This article digests the treatment of interest income on §1031 monies held by a facilitator in a deferred §1031 transaction.
Beginning October 8, 2008, the seller who is not to be paid a rate of interest on his §1031 monies will report and be taxed as receiving interest at a minimum imputed rate of interest on §1031 monies held by a facilitator (also called a §1031 trustee or qualified intermediary) in a deferred §1031 transaction.
In turn, the facilitator who holds §1031 monies without an agreement to pay the seller some rate of interest will in turn report as compensation for services rendered by the facilitator the amount of imputed interest the seller must report.
The monies subject to imputed interest when no interest is agreed to be paid to the seller include:
- cash proceeds from the property in sold in a deferred §1031 transaction;
- cash or cash equivalents securing an obligation to deliver replacement property;
- below-market loans from the seller to §1031 transaction facilitators; or
- properties sold in a delayed §1031 transaction.

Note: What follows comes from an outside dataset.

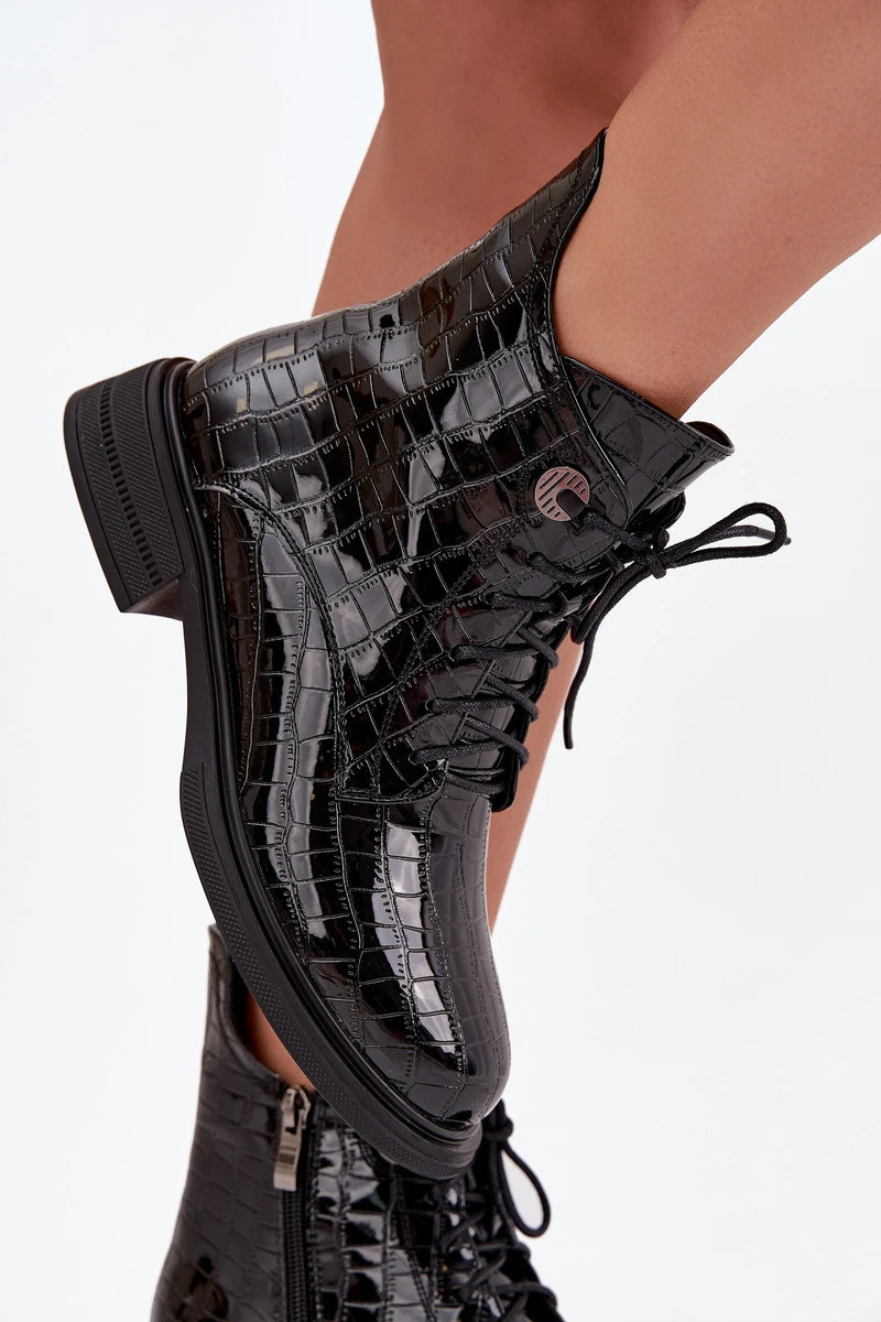 Dámské kozačky vyrobené z přírodního, lakovaného kůže jsou stylovou volbou na chladnější dny. Lesklý povrch jim dodává elegantní a moderní charakter. Model se zapíná na zip a je doplněn šněrováním, což umožňuje dokonalé přizpůsobení noze a pohodlné obouvání. Vnitřek bot je zateplený, což zajišťuje teplo a komfort i v chladnějších dnech. Jedná se o spojení klasiky a městského stylu – ideální pro každodenní oblečení i elegantnější outfity. Při výběru velikosti prosíme dle tabulky velikostí. Při výběru velikosti se řiďte tabulkou velikostí.

Interest on §1031 monies held by a facilitator are not imputed if:
- interest on the monies is earned by and credited to the seller, and the seller is responsible for reporting the interest [See first tuesday Forms 172-4 and 173-4]; or
- the §1031 monies held for the seller by the facilitator:
- do not exceed $2,000,000; and
- the duration of the holding period is six months or less.
Monies held by a facilitator in a delayed §1031 transaction are treated as a loan from the seller to the facilitator unless interest is to be earned by the seller. The seller is now always responsible for reporting interest earnings on the §1031 monies. If he is not to be paid interest, the seller must impute and report interest at the 3-month T-Bill rate. [Click here for a chart of AFRs]
In turn, any actual interest earnings reported by the seller but received or retained by the facilitator, or imputed interest, are reportable by the facilitator as compensation received by the facilitator for services rendered, not interest income or profits.
Imputed interest accrues and is reported by the seller (and reported as a fee for services by the facilitator) in the year it accrues, if the delay in closing continues into the next calendar year.